Elsevier

Neurocomputing

Volume 72, Issues 1–3, December 2008, Pages 57-70
Neurocomputing

Wavelet-based separation of nonlinear show-through and bleed-through image mixtures

https://doi.org/10.1016/j.neucom.2007.12.048Get rights and content

Abstract

This work addresses the separation of the nonlinear real-life mixture of images that occurs when a page of a document is scanned or photographed and the back page shows through. This effect can be due to partial paper transparency (show-through) and/or to bleeding of the ink through the paper (bleed-through). These two causes usually lead to mixtures with different characteristics.

We propose a separation method based on the fact that the high-frequency components of the images are sparse and are stronger on one side of the paper than on the other one. The same properties were already used in nonlinear denoising source separation (DSS).
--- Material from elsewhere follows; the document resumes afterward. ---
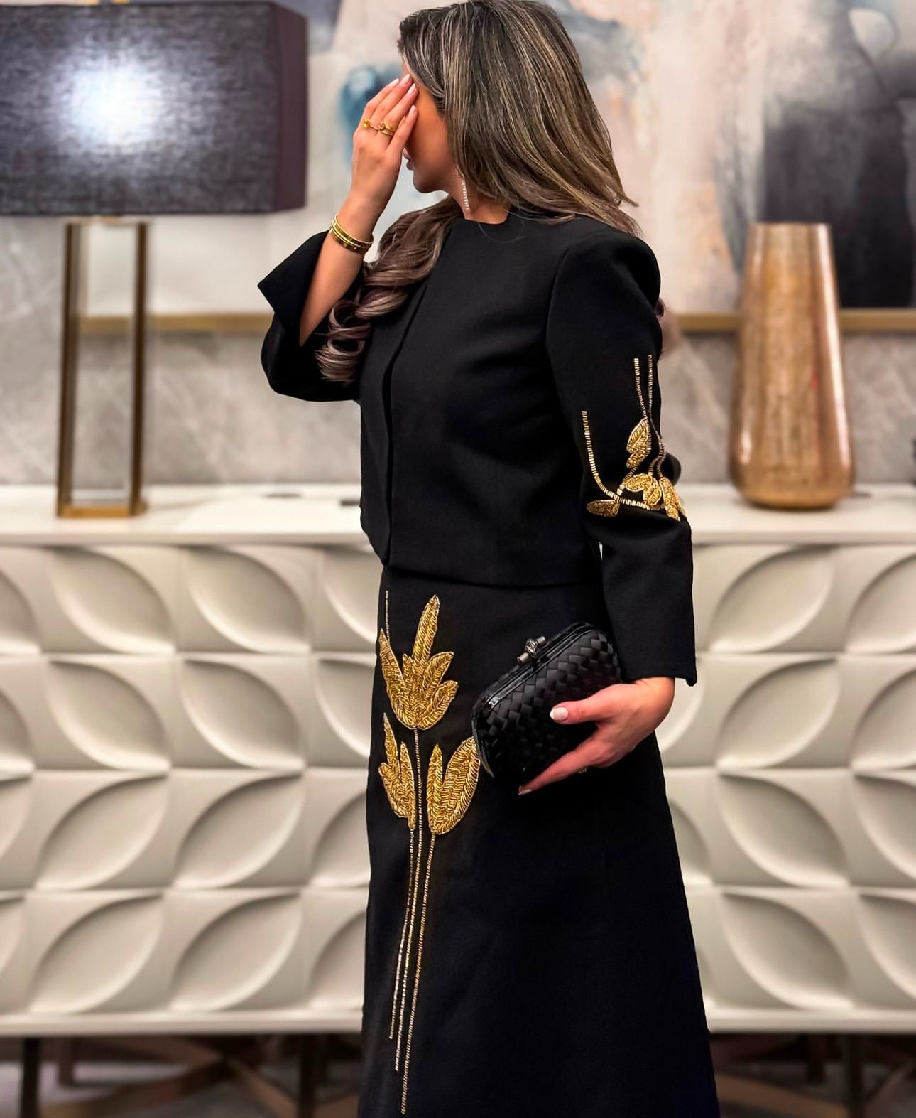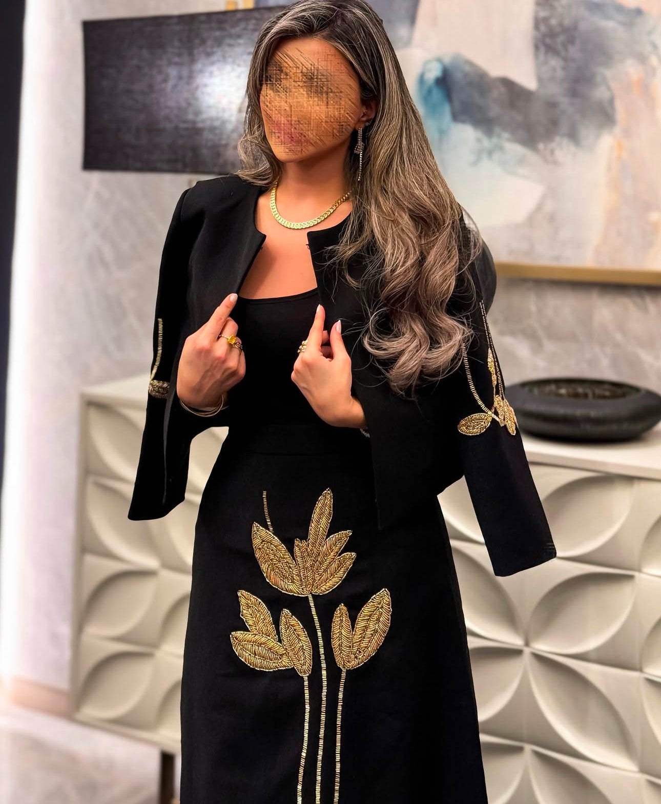 The Golden Embroidered Crepe Jacket Dress

However, we developed significant improvements that allow us to achieve a competitive separation quality by means of a one-shot processing, with no iteration. The method does not require the sources to be independent or the mixture to be invariant, and is suitable for separating mixtures such as those produced by bleed-through, for which we do not have an adequate physical model.

Introduction

This paper focuses on the separation of two-image mixtures that occur in a well known practical situation: when we scan or photograph a document and the back page shows through. This effect is often due to partial transparency of the paper (which we designate by show-through). Another possible cause is bleeding of ink through the paper, a phenomenon that is more common in old documents, in which the ink has had more time to bleed. The latter phenomenon is commonly designated by bleed-through. The two phenomena may be simultaneously present in the same document.
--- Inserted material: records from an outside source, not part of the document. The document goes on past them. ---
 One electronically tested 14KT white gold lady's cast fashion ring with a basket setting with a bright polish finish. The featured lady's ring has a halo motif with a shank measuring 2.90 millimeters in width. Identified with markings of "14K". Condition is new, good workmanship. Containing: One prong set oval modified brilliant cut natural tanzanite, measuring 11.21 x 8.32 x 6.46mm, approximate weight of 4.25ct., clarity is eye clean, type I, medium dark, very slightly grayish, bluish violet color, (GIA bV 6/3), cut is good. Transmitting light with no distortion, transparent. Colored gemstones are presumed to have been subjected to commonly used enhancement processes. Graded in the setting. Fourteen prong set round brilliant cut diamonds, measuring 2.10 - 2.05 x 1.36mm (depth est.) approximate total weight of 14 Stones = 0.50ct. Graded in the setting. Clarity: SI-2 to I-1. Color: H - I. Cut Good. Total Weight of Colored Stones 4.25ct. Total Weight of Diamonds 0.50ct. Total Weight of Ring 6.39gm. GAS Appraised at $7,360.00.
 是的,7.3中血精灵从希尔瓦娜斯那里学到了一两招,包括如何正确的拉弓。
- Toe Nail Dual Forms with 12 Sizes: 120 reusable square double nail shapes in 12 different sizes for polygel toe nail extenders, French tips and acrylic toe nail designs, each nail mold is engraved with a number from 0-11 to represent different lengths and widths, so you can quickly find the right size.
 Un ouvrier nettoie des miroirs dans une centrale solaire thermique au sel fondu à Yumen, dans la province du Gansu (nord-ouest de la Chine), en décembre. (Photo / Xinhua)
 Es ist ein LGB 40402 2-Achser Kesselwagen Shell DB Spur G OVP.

In this work we use, as test examples, three different kinds of mixtures. The first kind essentially only contains the show-through effect: five pairs of images were printed on the two sides of five sheets of tracing paper1 which, due to its high transparency, creates very strong mixtures. The second type corresponds to an old manuscript letter written in very thin “air-mail” paper (also called onion skin paper, which is rather transparent, causing show-through to occur). This document also has some areas in which bleed-through appears to have occurred. The third kind of mixture corresponds to images of old manual transcripts of music (partitures), which mostly contain the bleed-through effect. For each document, scanning or photographing both sides allowed us to obtain two different mixtures of the contents of the two pages. In this paper we address the source separation problem whose aim is to recover, form the two acquired images of each document, the original page images.

Show-through is known to lead to nonlinear mixtures [2], [5], [3]. A physical model of the show-through mixture of gray-level images printed with halftoning has been presented in [3]. Bleed-through probably is a much more complex phenomenon, which is much harder to model.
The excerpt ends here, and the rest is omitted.